One way to probe the answer to this question is to study planetary systems orbiting white dwarfs. This may reveal the distances at which planets find safe harbor from the red giant, as well as whether any planets change or undergo migration as the result of their host star’s evolution. Historically, detecting planets around white dwarfs has been challenging — but luckily, JWST makes this task much easier.

Discovering Exoplanets with MEOW

The MIRI Exoplanets Orbiting White dwarfs (MEOW) survey is one of several surveys using JWST’s sensitive infrared instruments to search for planets around white dwarfs. In a recently published article, a team led by Mary Anne Limbach (University of Michigan) reported early results from the MEOW survey, focusing on a candidate planet around the nearby white dwarf WD 0310–688.

plot of infrared excess as a function of wavelength

The measured infrared excess of WD 0310–688 (yellow line) compared to other white dwarfs in the MEOW sample (green and blue lines). [Limbach et al. 2024]

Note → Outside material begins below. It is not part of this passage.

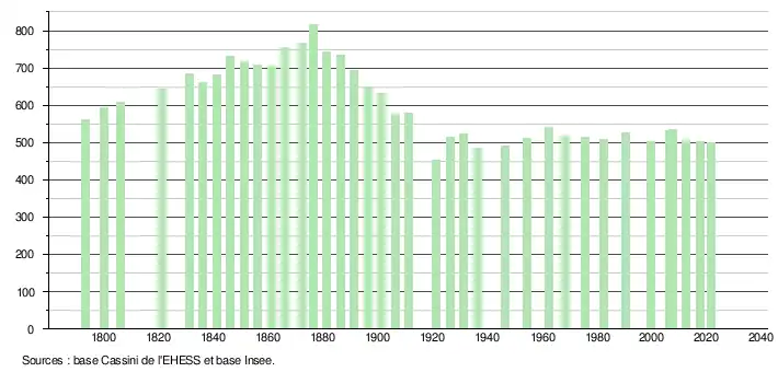 L'évolution du nombre d'habitants est connue à travers les recensements de la population effectués dans la commune depuis 1793. Pour les communes de moins de 10 000 habitants, une enquête de recensement portant sur toute la population est réalisée tous les cinq ans, les populations légales des années intermédiaires étant quant à elles estimées par interpolation ou extrapolation[30]. Pour la commune, le premier recensement exhaustif entrant dans le cadre du nouveau dispositif a été réalisé en 2007[31].

The survey is designed to uncover white-dwarf exoplanets through either direct imaging or detection of infrared excess: an unexpectedly large flux at infrared wavelengths that indicates the presence of an object cooler than the white dwarf, like a planet. Limbach and coauthors detect an infrared excess around WD 0310–688 that is most easily explained by a cold (248K) planet companion with a mass of about 3 Jupiter masses. Curiously, the observations place this potential planet between 0.1 and 2 au from the white dwarf — even though planets interior to 2 au are thought to be destroyed when their stars balloon into red giants. This may suggest that the planet migrated to its current location after its host star’s red giant phase.

Candidate Considerations

Researchers have discovered a handful of exoplanets around white dwarfs already — what makes this discovery special? WD 0310–688 is only 34 light-years away, making it the closest white dwarf with a planet candidate, and no planet has ever been discovered 0.1–2 au from a white dwarf. Additionally, this marks the first planet around any type of star to be discovered with the infrared-excess method.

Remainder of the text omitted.